For a while Arjuna said nothing. The morning had warmed; the dew on the
chariot rail had dried to nothing. He had listened to Krishna describe
the yogi who sits still as a lamp in a windless room, who looks on a
lump of clay and a bar of gold with the very same calm. It was a
beautiful thing to hear. It was also, Arjuna thought, completely
impossible.
He rubbed the back of his neck and finally spoke. "Krishna. Madhusudana.
May I be honest with you?"
"Always," Krishna said, without turning. The horses cropped at the
trampled grass.
"You have shown me a wonderful picture," Arjuna said. "A mind so even
that nothing tips it — not heat, not cold, not praise, not insult. A
person resting in himself like still water in a bowl." He spread his
hands, helpless. "But when I look inside myself for that still water, I
find a river in flood. My thoughts run one way, then another. I think of
the battle, then of my brothers, then of an old kindness, then of supper,
then of the battle again — all in the space of one breath."
He laughed a little, the laugh of someone admitting a thing he cannot fix.
"So when you tell me to make my mind even and let it stay that way, I
believe you that it is good. I simply cannot see *where* it would stay.
Where would such steadiness even sit, in a mind as jumpy as mine? Show me
a calm pond, and I'll show you my mind splashing it everywhere."
Krishna listened to all of it without the smallest frown. There was no
scolding in his face, no disappointment — only the patience of someone
who had been asked exactly the right question.

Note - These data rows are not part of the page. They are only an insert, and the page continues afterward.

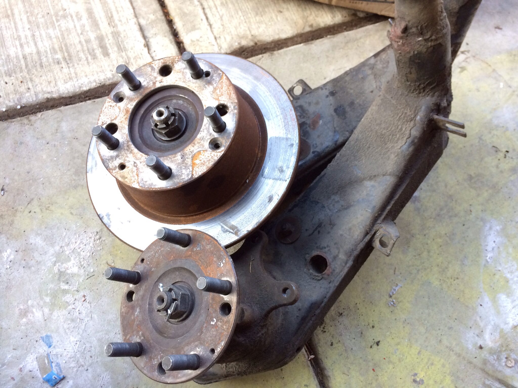 Got the trunk and good off. Removed the rear trailing arms, suspension, CVs, and then started on the trans and engine. I'm doing all of this myself, so I'm making use of the rotisserie I bought. I'll get the car down low, remove the bolts on the engine and trans, and then raise the car up 3' and scoot it out safely. Great plan I think. Anyways. I'm going to put these arms and hubs up for sale in the classifieds. I have another set, and there's no sense in wasting these. Attached thumbnail(s) |
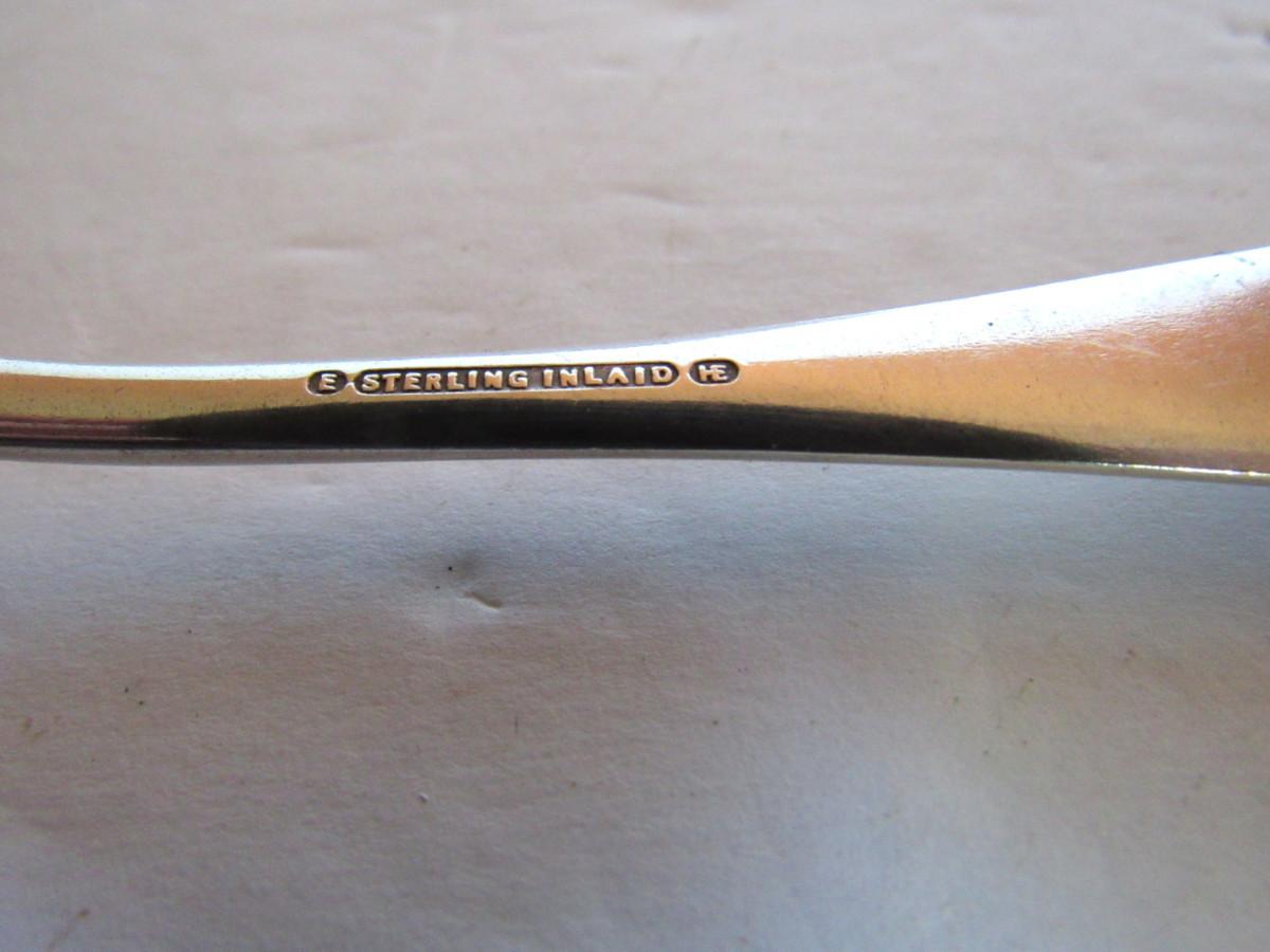 Very nice shape. Marked on backs. Note: according to the net, Sterling Inlaid means sterling silver was layered directly on the metal on the high wear spots and then the entire piece is silver plated. Shipping is available at actual shipping cost plus $5.00 handling fee per box for supplies/labor. See our terms for details. All sales are final. Condition notes may not be all inclusive, we may miss some issues as most vintage items are not in mint condition and have some degree of wear, paint loss, etc, but we always try to note obvious damage.
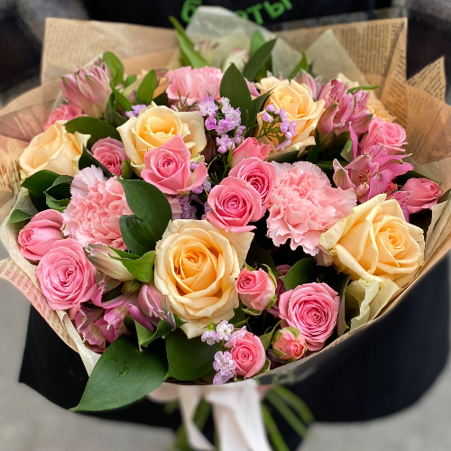 Яркий цветочный букет «Мулен Руж» станет прекрасным подарком любимой женщине. Букет составлен из отборных персиковых роз, которые растопят любое сердце и принесут океан положительных эмоций. Вместе с розами в букете соседствуют альстромерии и утонченные кустовые розы. Такой красивый букет создает праздничное настроение в любых обстоятельствах.
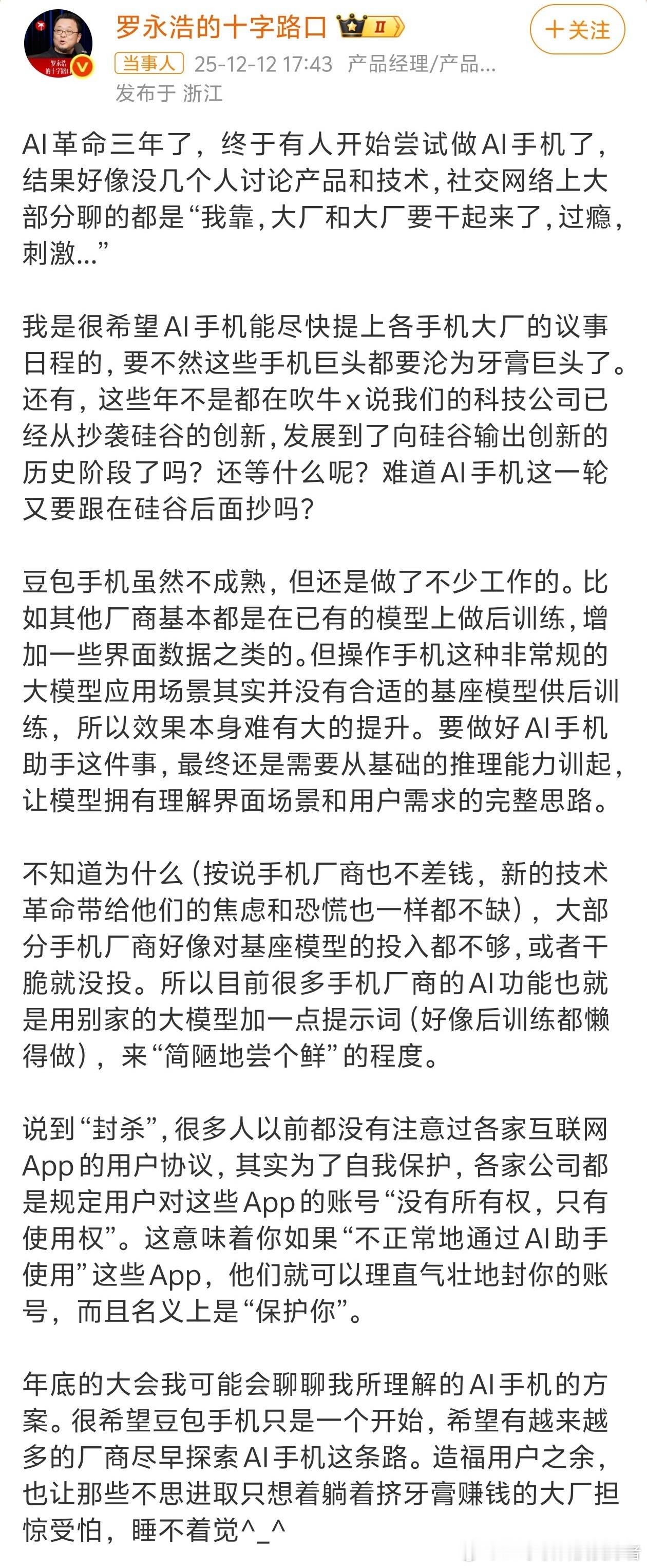 罗永浩批手机大厂沦为牙膏厂实话实说,现在的手机行业创新不足是真的,但中国厂商也在努力探索新的方向。AI是大趋势,所有手机厂商都在做,谁也不能落后。只不过,现在硬件部分没啥亮点是真的,如果罗永浩还在手机行业,我觉得他的确能捣鼓出一些新东西。

For this, Arjuna realised, was not a foolish doubt. It was the doubt of
every honest seeker who has ever tried to sit quietly and discovered, to
their dismay, just how loud the inside of their own head can be. And
admitting it out loud, instead of pretending to a calm he did not feel,
was already the first true step.
Krishna shifted the reins to one hand. "Tell me more," he said gently.
"How restless, exactly, is this mind of yours?"